Ancora una storia di caporalato. Questa volta arriva dalla Toscana, più precisamente da Grosseto e provincia: qui i braccianti della Maremma sono pagati 3 euro l’ora, 4 quando va bene, tutto rigorosamente in nero e per 10-12 ore di lavoro al giorno.
Anche se, in realtà, ci sono molti che lavorano “in grigio”: in questo caso c’è sì un contratto e una busta paga, ma qui vengono segnate meno giornate rispetto a quelle lavorate effettivamente. In altri casi, invece, il datore di lavoro segna tutte le giornate lavorate, ma poi obbliga il bracciante a ridargli in nero parte di quanto dato con la minaccia che, se fa diversamente, non viene più chiamato a lavorare.
Come riportato da La Nazione, questi braccianti vengono caricati su auto e furgoni e portati nei campi per raccogliere pomodori, angurie, meloni, uva e olive. Il tutto sfruttato dai “caporali”. Si pensa che nella zona della Maremma ce ne siano fra i 135 e i 200, con 4mila lavoratori stagionali considerati “invisibili” (e che salgono a 5mila fra agosto e settembre).

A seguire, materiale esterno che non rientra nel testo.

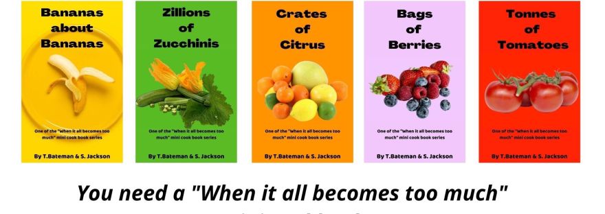 "Bags of Berries", "Crates of Citrus, "Tonnes of Tomatoes", "When it all becomes too much", "Zillions fo Zucchinis", 99 cents, Cook Books, Terri Bateman & Sarah Jackson, Writers Journey99 cent cook books available for download November 27, 2020November 2, 2020 sarahjwrites You can get your copies of these and other mini cookbooks through Amazon for $AU0.99 each: “When it all becomes too much” Share this: Print (Opens in new window) Print Share on Facebook (Opens in new window) Facebook Share on Tumblr (Opens in new window) Tumblr Share on WhatsApp (Opens in new window) WhatsApp Share on Pinterest (Opens in new window) Pinterest Share on Bluesky (Opens in new window) Bluesky Email a link to a friend (Opens in new window) Email Like Loading... Related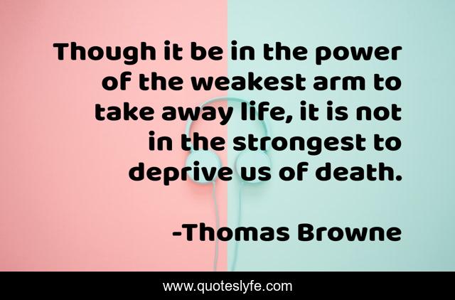 This page presents the quote "Though it be in the power of the weakest arm to take away life, it is not in the strongest to deprive us of death.". Author of this quote is Thomas Browne. This quote is about life, away, power,.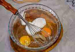 Для основы в миску вбейте куриные яйца, добавьте сметану, соль и перемешайте до однородности.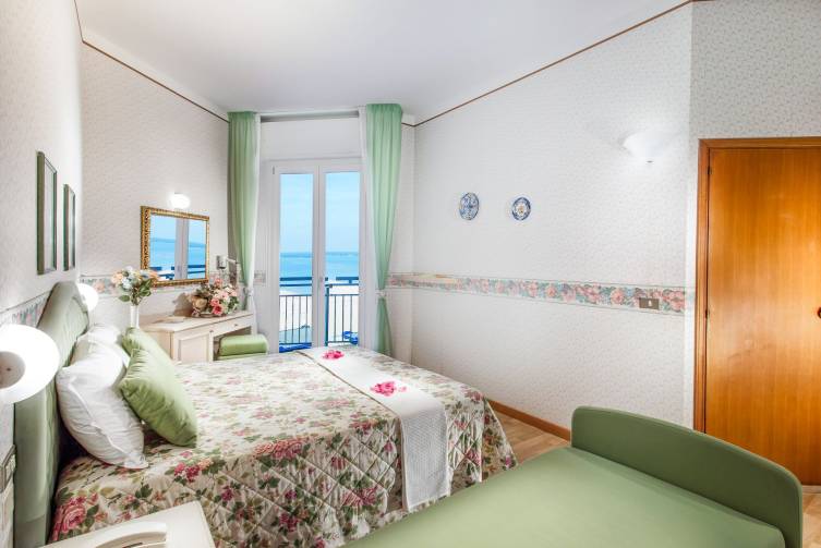 Familienzimmer auf Anfrage buchbar; mit Doppelbett und Verbindungstür zu Zimmer mit Einzelbetten, direkter Meerblick;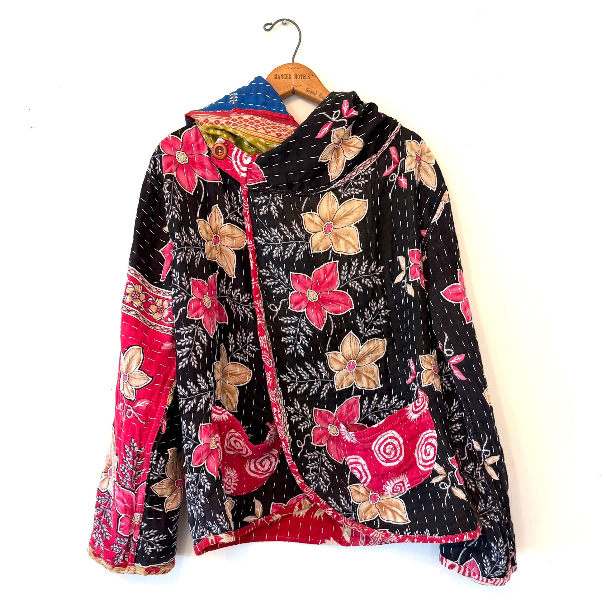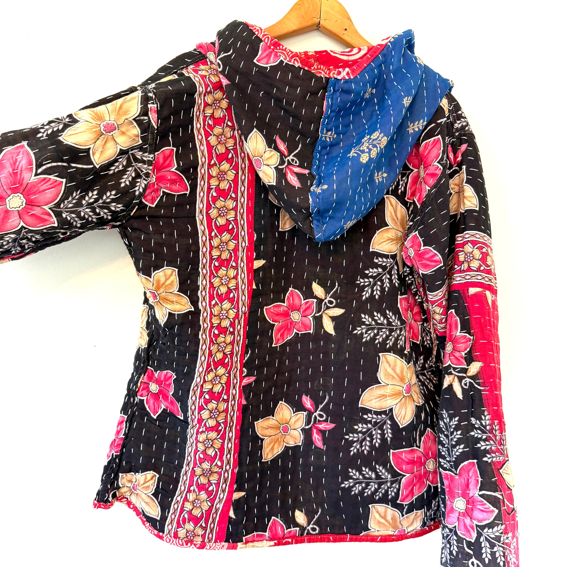 The excessively cool, earthy-beautiful Topi Jacket is a casual show-stopper! We love the big hood, relaxed style, and comfortable softness. And as always with our kantha garments, each jacket is completely unique and One Of A Kind. This is the exact jacket you will receive.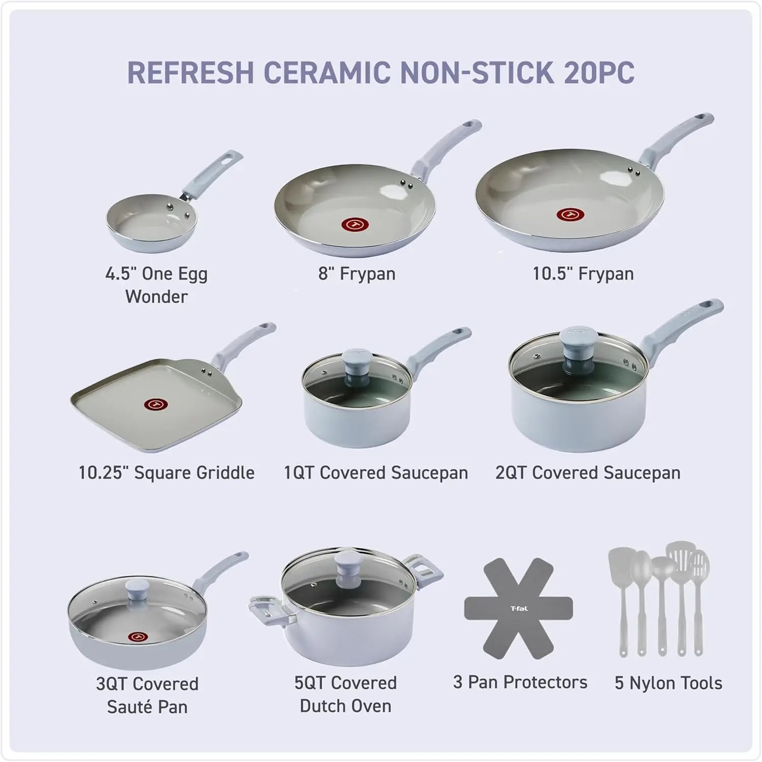 𝐀𝐥𝐥 𝐘𝐨𝐮 𝐍𝐞𝐞𝐝: This set comes with 4.5 Inch Egg Pan, 8 inch and 10.5 inch frypans, 10.25 inch griddle, 1 quart and 2 1uart saucepans with lids, 3.5 quart sauté pan with lids, 5 quart dutch oven with lid, 3 pan protectors, slotted and solid spoons, slotted spatula, spaghetti spoon, and ladle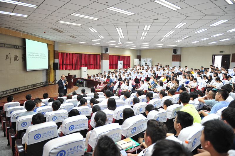 聘用仪式结束后叶健雄教授用英文为眼视光学系全体师生做了《Optometry in the Healthcare System》专题讲座,深入浅出地为师生们讲解了香港的医疗保健系统,亚太地区大多数国家视光师短缺的现状,指出视光学应牢牢扎根于初级保健,在社会老龄化和强调生活质量的背景下,视觉保健服务需求将增加,指明了眼视光学专业的发展前景和就业方向,坚定了学生的专业信心。在与学生英文互动环节中,叶健雄教授耐心解答学生们提出的问题。

I conti sono presto fatti: solitamente una squadra di raccolta comprende fra le 20 e le 30 persone, per cui facendo una rapida divisione si arriva alla stima di 135-200 caporali in zona.
I numeri provengono dal Sipla, il Sistema integrato di protezione dei lavoratori in agricoltura. Si tratta di un progetto nazionale che sta aprendo anche a Grosseto uno sportello di sostegno per i braccianti agricoli.
Qui verrà spiegato ai braccianti quali siano i loro diritti e come risolvere i problemi che devono affrontare, in primis trovare un alloggio (per lavoratori così precari è difficile trovare qualcuno che gli affitti temporaneamente un alloggio e, spesso, chi affitta lo fa chiedendo in cambio, però, di lavorare nei campi per pochi euro).
Per rimanere sempre in Toscana, l’anno scorso era stato scoperto, invece, un giro di caporalato in alcuni supermercati: i dipendenti dovevano lavorare 13 ore al giorno per 30 euro.